• _REQUIREMENT_
Exclude the pictures, then repeat exactly each line from the one containing "in jade glass." to the final line of the records that follow.

(Source records)
════════════════════

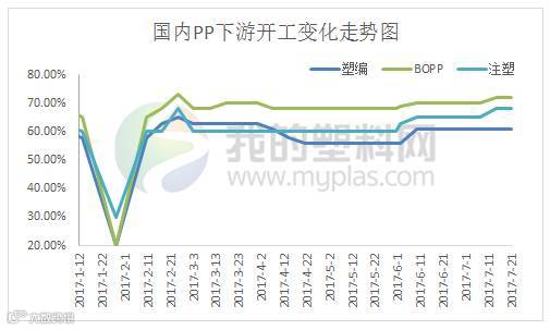 截止7月21日当周,国内聚丙烯下游行业开工率变化不大。其中塑编行业开工率在61%左右,共聚行业开工率在68%,BOPP行业开工率在71%左右。本周原料价格持续上行,下游制品价格顺势跟涨,产成品维持较好的利润。生产企业新增订单一般,工厂生产积极性有限,采购多以低价货源为主;雄县因雄安地区后期建设,工厂陆续关闭,该地区需求基本消失。
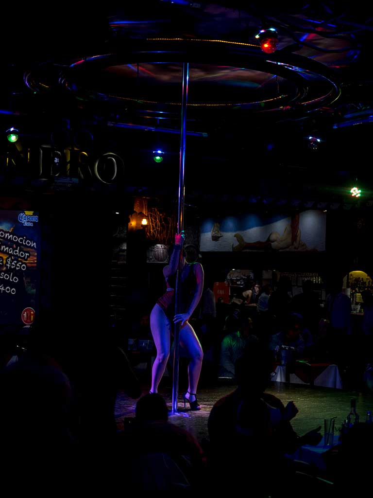 Frente a la barra de estriptis, el mismo grupo de cuarentones se ha montado la fiesta en la mesa más cercana. Uno de ellos introduce la nariz entre las nalgas que rebota, con mucho menos entusiasmo del que le gustaría, Rosel, de 21 años, de Cienfuegos (Cuba). En su brazo lleva marcados los tragos que logró que este hombre bebiera al ritmo de sus caderas, una pulsera por cada bebida. Cinco dólares de ganancia. Lo que serían dos arrimones en el parque central.
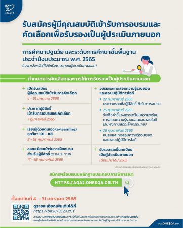 ทั้งนี้ ผู้ที่มีคุณสมบัติและสนใจเข้ารับการอบรมและคัดเลือก สามารถสมัครผ่านทาง https://aqa2.onesqa.or.th/ (สมัครผู้ประเมิน) ตั้งแต่วันนี้ จนถึงวันที่ 31 มกราคม 2565 ดูรายละเอียดเพิ่มเติมทาง www.onesqa.or.th (ประกาศ) หรือดาวน์โหลดประกาศได้ที่ลิงก์ : https://bit.ly/3EZAzGf หรือติดต่อสอบถามโทรศัพท์หมายเลข 02 – 216 – 3955 ต่อ 142,143,145,146,150,153 ในวันและเวลาราชการ
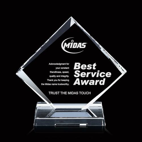 The 9" high, Starfire glass Regal features a four-sided diamond-shaped configuration with tapered bevels alternating front and back. The prominent, asymmetric and flaring bevels accentuate the sparkle of the glass, generate diverse and attractive reflections along the edges, and frame the large central etching area. Also available in 6" and 7.5" versions and in jade glass.
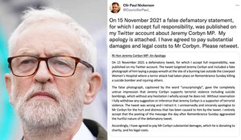 Tory councillor to pay ‘substantial damages’ to Corbyn

════════════════════

• _SOLUTION_
 The 9" high, Starfire glass Regal features a four-sided diamond-shaped configuration with tapered bevels alternating front and back. The prominent, asymmetric and flaring bevels accentuate the sparkle of the glass, generate diverse and attractive reflections along the edges, and frame the large central etching area. Also available in 6" and 7.5" versions and in jade glass.
 Tory councillor to pay ‘substantial damages’ to Corbyn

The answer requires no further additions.